*Exercise aim:* Pictures excluded, reproduce exactly the lines below from the one with "Что нового: 🚬" through the one with "Fierce Vampire Ink", both included.

*Exercise material:*
—————
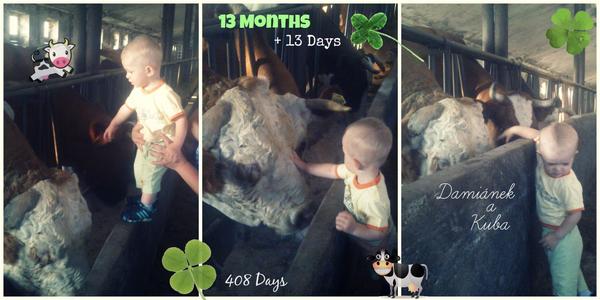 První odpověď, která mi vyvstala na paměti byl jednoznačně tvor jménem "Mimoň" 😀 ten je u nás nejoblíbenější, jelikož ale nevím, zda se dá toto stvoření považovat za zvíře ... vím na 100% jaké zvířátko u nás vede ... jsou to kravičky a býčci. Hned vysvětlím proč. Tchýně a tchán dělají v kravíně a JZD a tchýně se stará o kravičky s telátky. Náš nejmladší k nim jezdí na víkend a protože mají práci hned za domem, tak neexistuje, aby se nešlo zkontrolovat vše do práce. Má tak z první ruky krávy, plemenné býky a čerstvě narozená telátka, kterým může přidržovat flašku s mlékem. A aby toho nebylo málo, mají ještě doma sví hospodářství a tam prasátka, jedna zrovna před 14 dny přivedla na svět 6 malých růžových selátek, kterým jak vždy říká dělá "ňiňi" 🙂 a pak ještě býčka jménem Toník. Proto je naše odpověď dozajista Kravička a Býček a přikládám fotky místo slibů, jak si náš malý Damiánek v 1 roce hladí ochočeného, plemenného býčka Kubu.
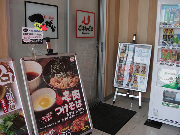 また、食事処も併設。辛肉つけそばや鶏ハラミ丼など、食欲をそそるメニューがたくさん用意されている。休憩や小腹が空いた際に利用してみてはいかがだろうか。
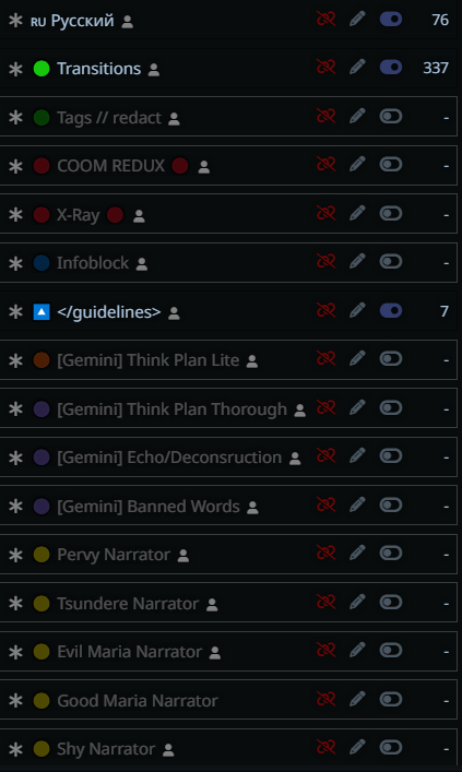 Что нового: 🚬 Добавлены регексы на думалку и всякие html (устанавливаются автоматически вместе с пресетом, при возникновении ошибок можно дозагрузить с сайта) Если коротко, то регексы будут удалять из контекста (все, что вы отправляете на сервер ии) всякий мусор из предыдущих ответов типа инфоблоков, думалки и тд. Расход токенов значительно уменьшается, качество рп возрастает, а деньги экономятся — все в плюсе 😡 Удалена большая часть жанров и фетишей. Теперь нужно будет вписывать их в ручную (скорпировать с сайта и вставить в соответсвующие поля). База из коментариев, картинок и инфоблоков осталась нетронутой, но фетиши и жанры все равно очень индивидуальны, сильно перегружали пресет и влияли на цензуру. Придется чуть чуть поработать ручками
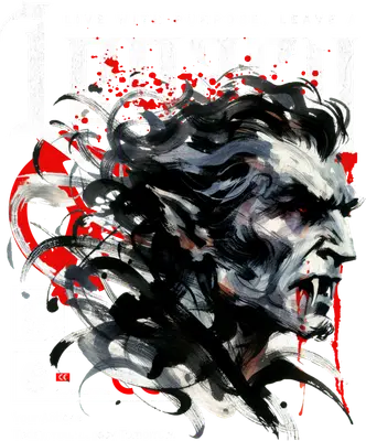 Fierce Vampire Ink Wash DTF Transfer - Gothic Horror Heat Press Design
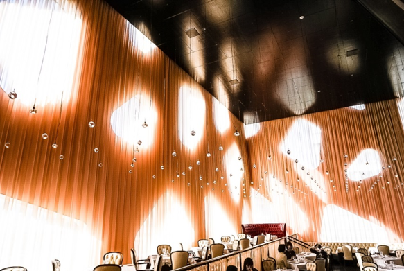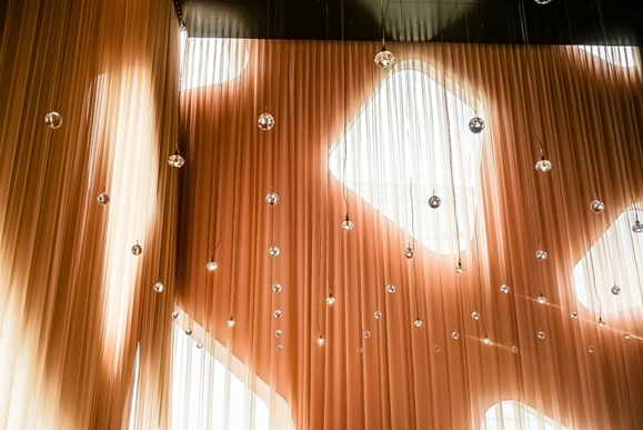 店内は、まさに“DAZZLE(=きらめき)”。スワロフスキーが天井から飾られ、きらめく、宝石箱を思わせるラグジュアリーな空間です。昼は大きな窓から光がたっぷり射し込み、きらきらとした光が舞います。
—————
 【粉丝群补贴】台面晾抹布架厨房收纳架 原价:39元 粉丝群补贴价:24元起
—————
*Solution:*
 Что нового: 🚬 Добавлены регексы на думалку и всякие html (устанавливаются автоматически вместе с пресетом, при возникновении ошибок можно дозагрузить с сайта) Если коротко, то регексы будут удалять из контекста (все, что вы отправляете на сервер ии) всякий мусор из предыдущих ответов типа инфоблоков, думалки и тд. Расход токенов значительно уменьшается, качество рп возрастает, а деньги экономятся — все в плюсе 😡 Удалена большая часть жанров и фетишей. Теперь нужно будет вписывать их в ручную (скорпировать с сайта и вставить в соответсвующие поля). База из коментариев, картинок и инфоблоков осталась нетронутой, но фетиши и жанры все равно очень индивидуальны, сильно перегружали пресет и влияли на цензуру. Придется чуть чуть поработать ручками
 Fierce Vampire Ink Wash DTF Transfer - Gothic Horror Heat Press Design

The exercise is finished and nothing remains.